In most Western countries, including the UK, all extra-household gatherings have been banned by the state. This obviously has included church gatherings. Is this legitimate? And is there a measurable point where such a ban is illegitimate?

This question is deeply fraught, because it involves a badly understood area of Christian doctrine – how the church and the state should interrelate. Indeed, aside from the doctrines of grace, this is perhaps the worst-understood major concept in the British church today.

However, let me, for the sake of this article, assert (without attempting to prove it here) a general model, before applying it to the specific situation.

The church and state are both instituted by God for His purposes – to glorify Him, to obey Him, to enforce His laws. They are separate institutions, and neither rules the other. The state – or, to use the traditional terms, the prince and the lesser magistrates – should make civil laws in accordance with the “general equity” of God’s moral law revealed in the Bible. The church should be ordered according to Scripture, and is in that context entirely independent of the state. The state, however, whilst not ruling the church, has a duty to protect and preserve true religion.

Now, we need not reflect too long on how far fallen both many churches and, certainly, the state in the UK is fallen from this standard.
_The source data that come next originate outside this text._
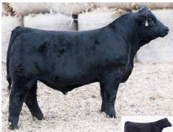
KLER BARBIE 084H DAM OF LOT 37

3099L is a bull that you appreciate for being correct in his structure with some added style and stature. Polled, purebred prospect with a different twist on the pedigree that you can utilize to take a set of calves anywhere and catch people's eye.
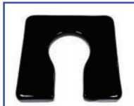
P60850* 18"Wx18"D Ensolite® 1" waterfall foam Front/Rear Open Seat A-5"xB-8" opening
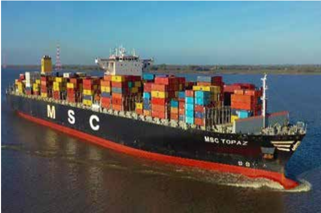
MV MSC TOPAZ, the largest vessel called at KPL
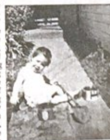
Gee--you sure look familiar. Haven't you been here once already today?

Another incident took place during a softball game in which she was pitching. A wild pitch hit and knocked out the batter, which in this case happened to
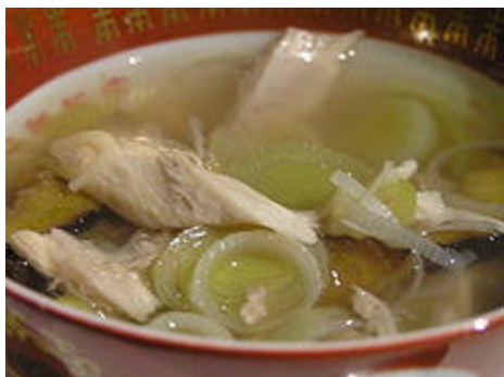
Recipe courtesy of Gary Davidson

350g (12oz) Chicken portions 350g (12oz) Leeks 15g (½ oz) Butter 1.1 litres (2 pints) Chicken Stock 1 Bouquet Garni Parsley
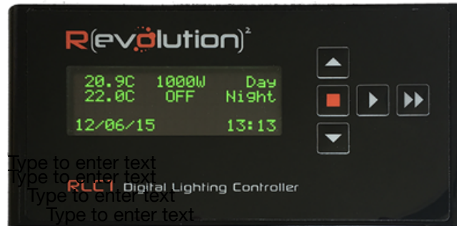
* Original text base controller interface

web site. Need assistance building tangible solutions you can touch, let's discuss the details, I'm happy to assist.
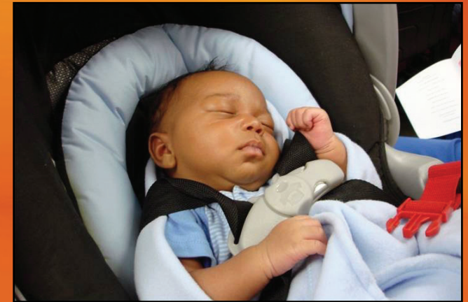
NEVER leave a baby, senior or pet locked in a car, even for a few minutes. Dozens of infants and untold numbers of pets die every year in hot vehicles.
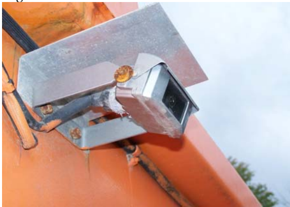
Figure 4: District 1 Camera
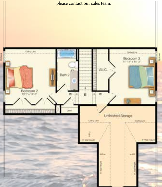
SECOND FLOOR Included Elevation A
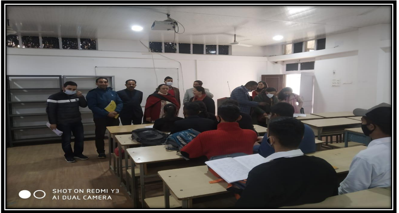
Visit to Retail Management Lab.
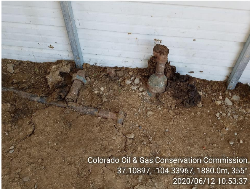
PHOTO 7: UNUSED RISERS ON INSIDE CARPORT STYLE BUILDING CLOSE TO NORTH WALL. REMOVE UNUSED RISERS COMPLY WITH NTO AND RULE 603.f.
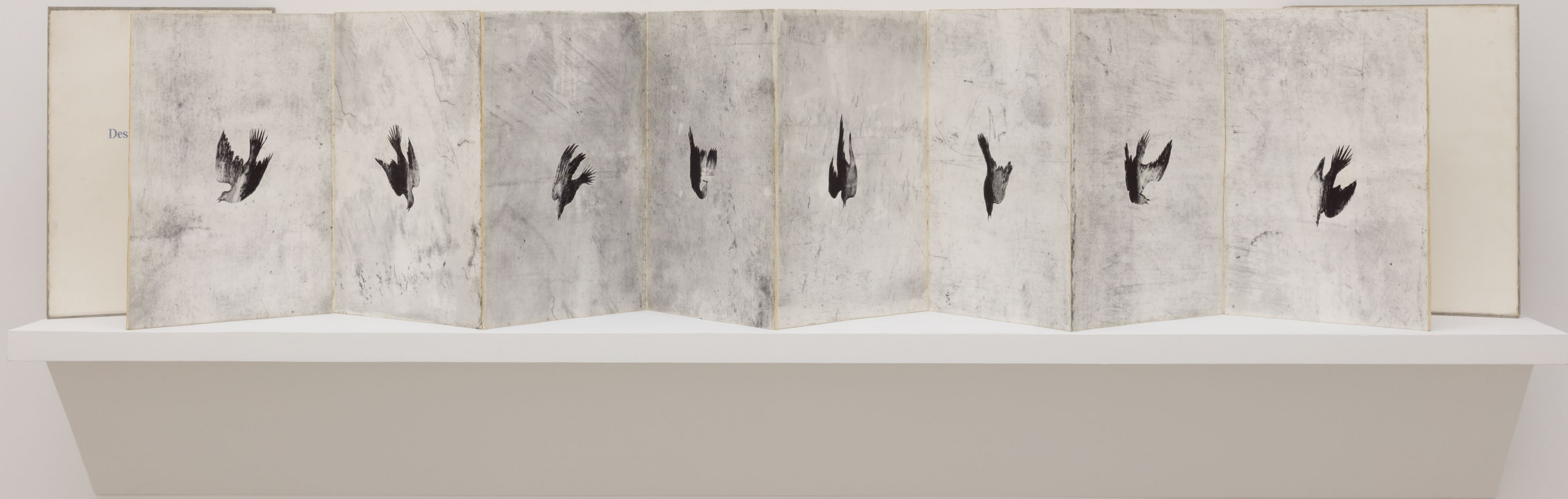
Despair and Hope 1999 Dry-point intaglio print on Fabriano paper 15.3 x 11.4 inches (each panel)
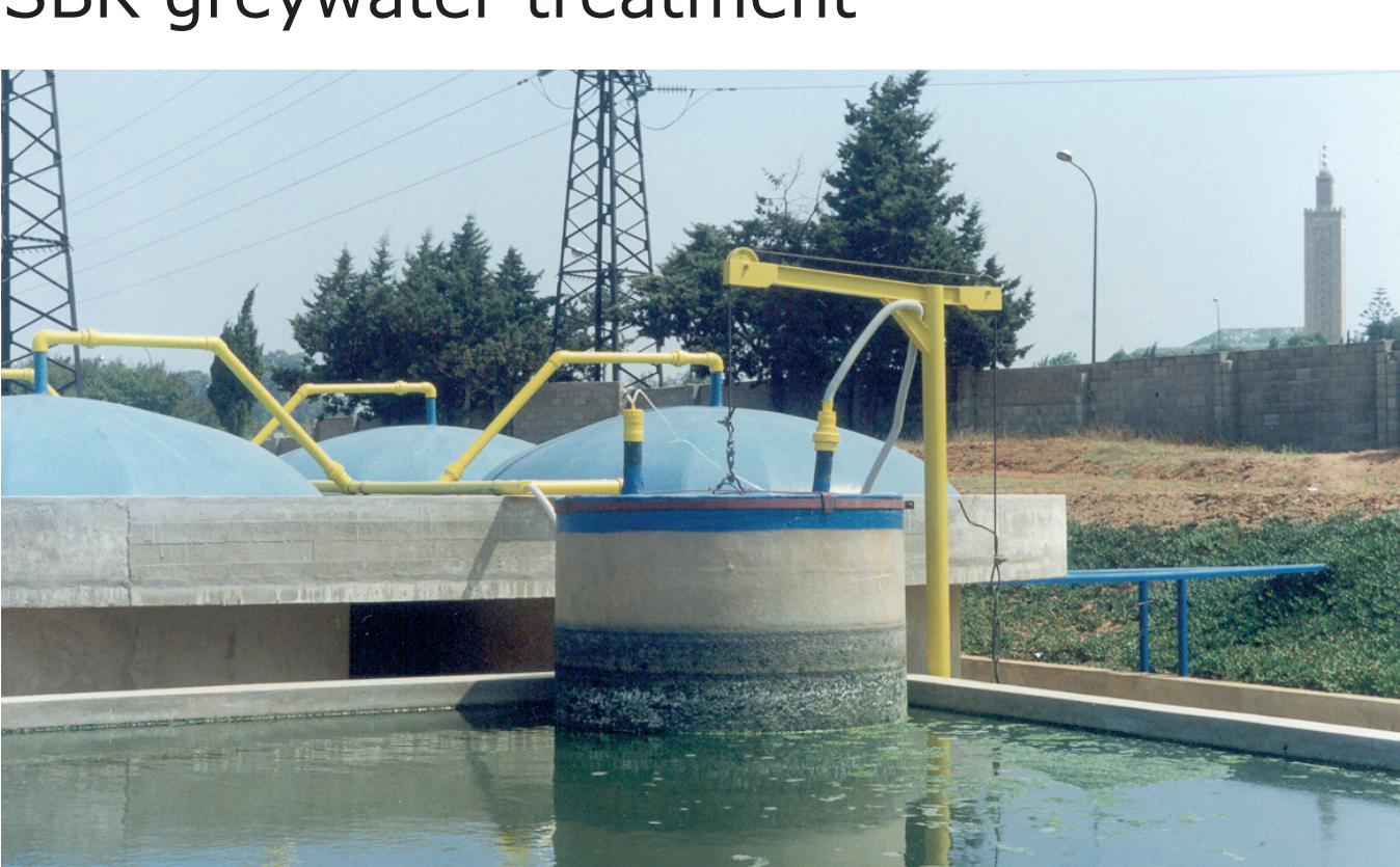
Research - Demonstration installations at partner institutions, here IAV Hassan II
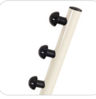
3 Oversized sling hooks on each side Safely secures sling to lift
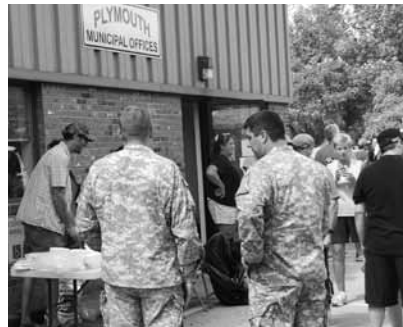
Retreat Crew serving food to National Guard and other volunteers in front of Plymouth Town Hall.

All told, this has been a difficult experience, but a powerful means of building community. We are receiving letters and Facebook postings almost daily. An example of some of these letters include:
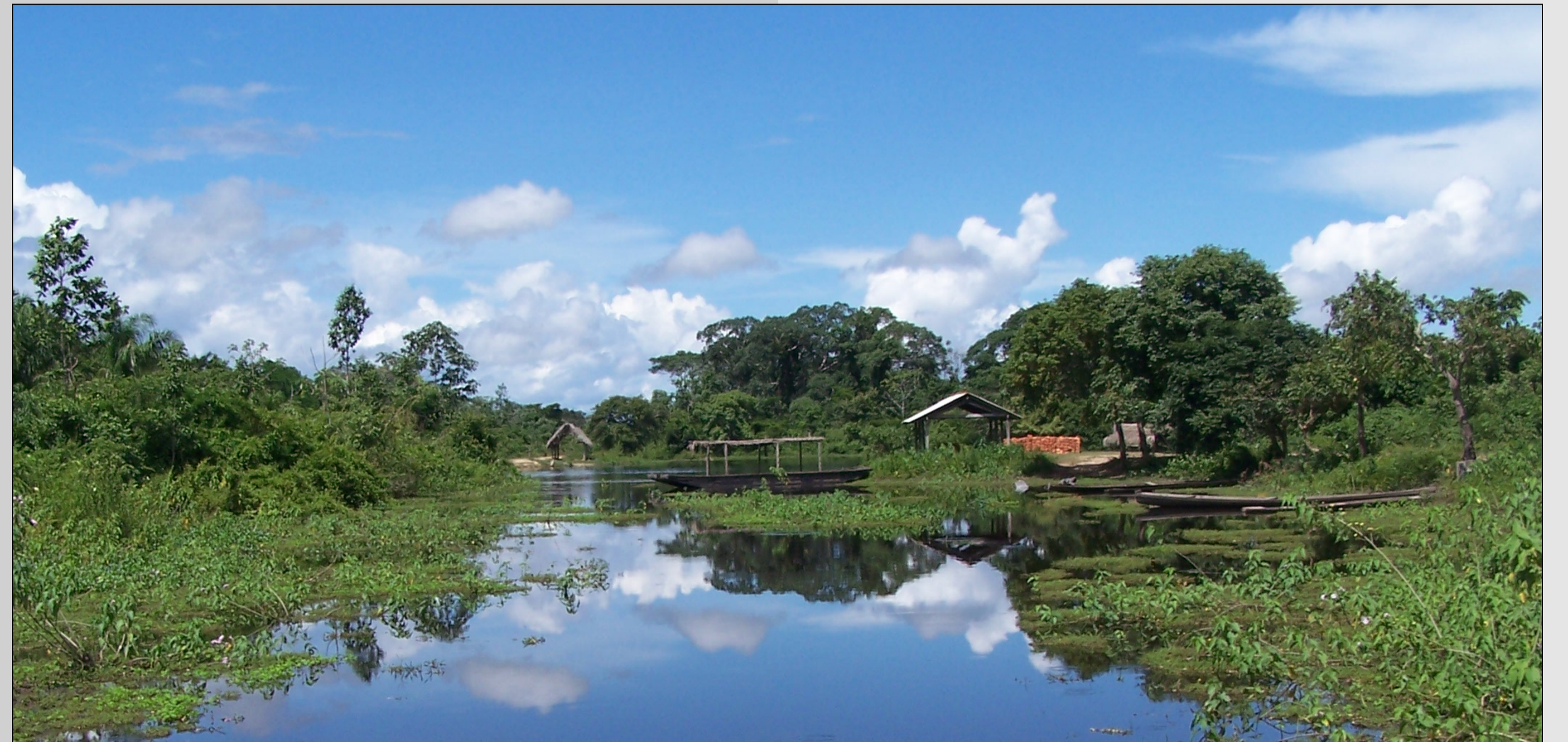
Baures is situated at the Río Negro, navigable only in the rainy season (for exchange with Brazil)

However, in recent years, a growing attention for indigenous cultures can be noticed in Bolivia. For Baure, there have been several attempts to develop a revitalization program and the Baure documentation team supports local initiatives of revitalization with all possible means.
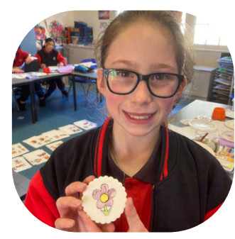
Annika design was a flower

On the 3rd of August , could all students in this elective please bring a white t-shirt - it needs to be cotton! Some students may have one from a colour run day that they can use.
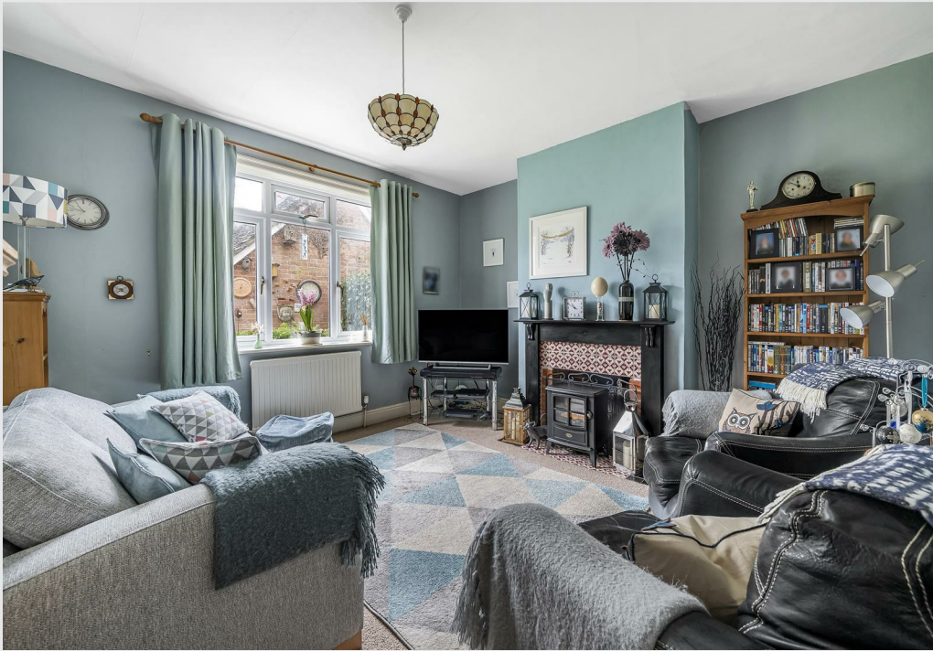
Cleverly extended character cottage located in a semi-rural location on the Ripley/Send Marsh border. Wonderful 'hub of the home' kitchen dining room, lovely garden. Potential to extend STPP and no onward chain.
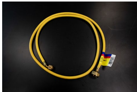
A liquid discharge line with a CGA-660 connection and gasket is required
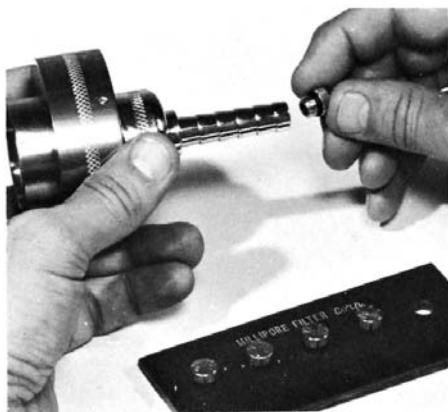
FIG. 4 Inserting a Typical Orifice

The question is: assuming this model to be true (helpfully, it is), ought Christians obey state instructions to cease corporate gatherings?

Generally speaking, Christians are to obey lawful government, and the most famous summary of this idea – Romans 13.1-7 – is often cited to justify more or less any legal imposition upon Christians (this is, of course, the refuge of the idolater of the state, but it is a common enough claim). Let’s cite the verses, so we can refer back:
13 Let every person be subject to the governing authorities. For there is no authority except from God, and those that exist have been instituted by God. Therefore whoever resists the authorities resists what God has appointed, and those who resist will incur judgment. For rulers are not a terror to good conduct, but to bad. Would you have no fear of the one who is in authority? Then do what is good, and you will receive his approval, for he is God's servant for your good. But if you do wrong, be afraid, for he does not bear the sword in vain. For he is the servant of God, an avenger who carries out God's wrath on the wrongdoer.  Therefore one must be in subjection, not only to avoid God's wrath but also for the sake of conscience. For because of this you also pay taxes, for the authorities are ministers of God, attending to this very thing. Pay to all what is owed to them: taxes to whom taxes are owed, revenue to whom revenue is owed, respect to whom respect is owed, honour to whom honour is owed.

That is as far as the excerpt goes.